Soiling from dirt, dust, snow, and other contaminants can also reduce solar panel output. Research shows dust accumulation can reduce solar panel performance by up to 28% if not cleaned regularly^[2]. The type and amount of soiling depends on environmental factors like climate, pollution levels, and panel location and tilt.

To account for these age and soiling losses when estimating solar panel output, reduce the panel’s nameplate capacity by 0.5-1% per year, and factor in an additional 5-10% loss for soiling effects in most climates.
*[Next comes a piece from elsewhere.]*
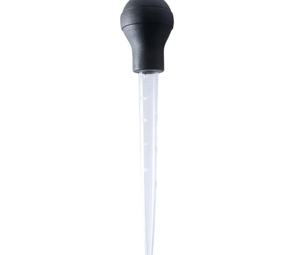 Matériel de biologie indispensable pour toutes les expériences : la pipette XXL en plastique avec poire de remplissage en caoutchouc.
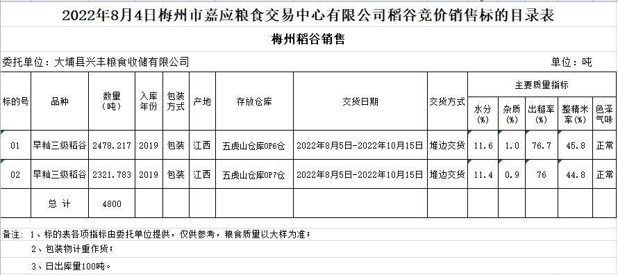 受客戶委托,梅州市嘉應糧食交易中心有限公司定于2022年8月4日(星期四)舉辦糧食競價交易會。大埔縣興豐糧食收儲有限公司擬銷售2019年早秈稻4800噸。

More frequent cleaning can help minimize soiling losses.

^[1] https://www.mdpi.com/1996-1073/14/9/2466

^[2] https://www.sciencedirect.com/science/article/pii/S266711312300013X

Estimation Formulas and Tools

There are some simple formulas you can use to estimate the kWh production from a solar panel or system:

Annual kWh = Panel power rating (watts) x Solar insolation (hours) x System efficiency (%)

For example, for a 250W panel with 4 sun hours per day and 80% system efficiency:

Annual kWh = 250W x 4 hours x 365 days x 0.80 = 292,000 Wh or 292 kWh

To estimate monthly production, divide the annual kWh by 12. There are also some helpful online solar calculators and tools that allow you to enter your system specifics and location to get a detailed estimate of production:

Some popular solar estimators include PVWatts Calculator, Solar Metric’s Solar Calculator, and Solmetric PV Design Tool. These tools consider solar radiation data for your area and other factors like tilt and orientation.